WHAT NEEDS TO BE DONE:
Pictures must not appear in the copy. Restate exactly the lines below from the one with "The Pinecone Triple" through the one with "Changes in the", inclusive.

Dataset entries
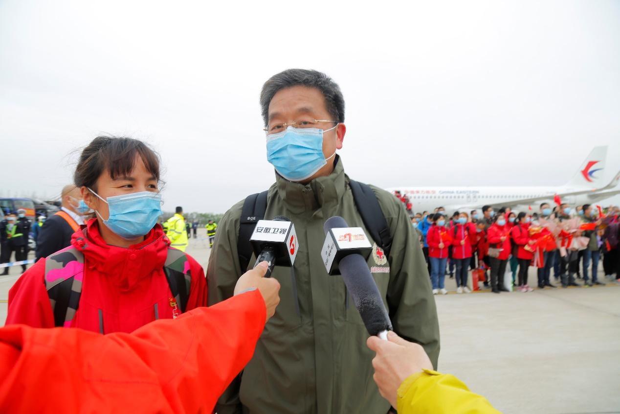 王建明主任代表全体队员介绍战“疫”情况。他说:“合肥京东方医院8名医疗队员在武汉连续奋战48天,与武汉这座城市同呼吸,与武汉人民共命运。刚到武汉时,我们看到曾经人头涌动的街头空空荡荡,曾经车水马龙的街道一眼就能望到头,新闻中是不断增加的新冠肺炎确诊数字。今天,方舱医院已休舱,新增确诊人数已归零多日,定点医院正有序撤点。樱花在绽放,武汉已重启,热干面已经醒来!我们实现了出发前的誓言,不辱使命,平安返回,加油武汉!——我们一起奋斗过的城市。”
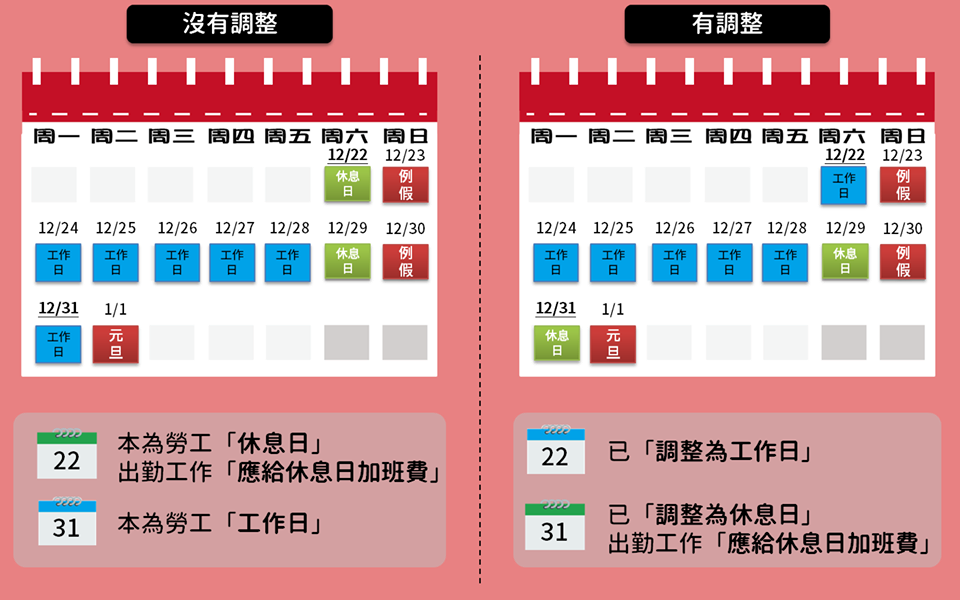 反之,若「沒有比照」政府機關辦公日曆調整出勤,22日維持為休息日,勞工不必出勤工作,31日則仍為工作日。雇主如徵得勞工在休息日工作,應給付休息日加班費。
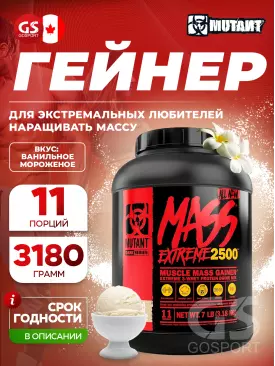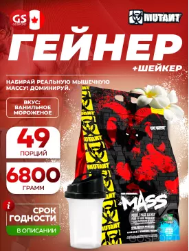 -12% 3 828 q 4 350 q 4 350 q 000 Гейнер Mass 6 lb 2720 г, Тройной шоколад & Ванильное мороженое Mutant В корзину Артикул 34878
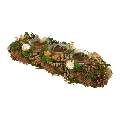 The Pinecone Triple Votive offers a charming way to illuminate your space with a cozy, natural touch. Designed to hold three votive candles, this piece brings warmth and rustic elegance to any room or table setting. Perfect for creating a welcoming atmosphere, its pinecone design adds subtle seasonal flair year-round. Enhance your décor effortlessly with this stylish and functional accent.
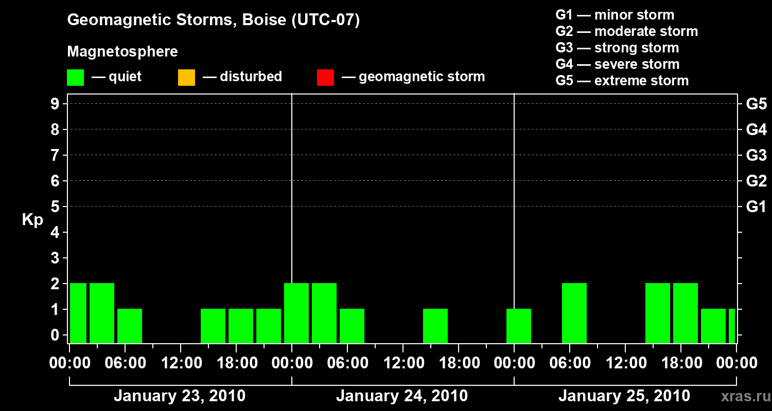 Changes in the geomagnetic index Kp from January 23 to 25, 2010 for mid latitudes
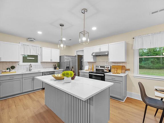 Check out this stunning, fully renovated home conveniently located right in the heart of St. Stephen. No HOA! This beautiful home is only a few footsteps from a wonderful park with a playground, walking track, tennis courts, and baseball field and only 10 minutes from Lake Moultrie! This three-bedroom two bath home has multiple rooms and also a large accessible attached workshop room. Check out all the upgrades and custom pieces throughout the home. Luxury vinyl plank flooring throughout. The kitchen features an eat-in island/dining area, Quartz countertops, tile backsplash, and stainless steel appliances. This home sits on a .5-acre lot and the backyard has countless possibilities for your outdoor oasis or a vibrant outdoor entertaining space for family and friends.This home is ready for its new buyer today.

ANSWER AREA:
 The Pinecone Triple Votive offers a charming way to illuminate your space with a cozy, natural touch. Designed to hold three votive candles, this piece brings warmth and rustic elegance to any room or table setting. Perfect for creating a welcoming atmosphere, its pinecone design adds subtle seasonal flair year-round. Enhance your décor effortlessly with this stylish and functional accent.
 Changes in the geomagnetic index Kp from January 23 to 25, 2010 for mid latitudes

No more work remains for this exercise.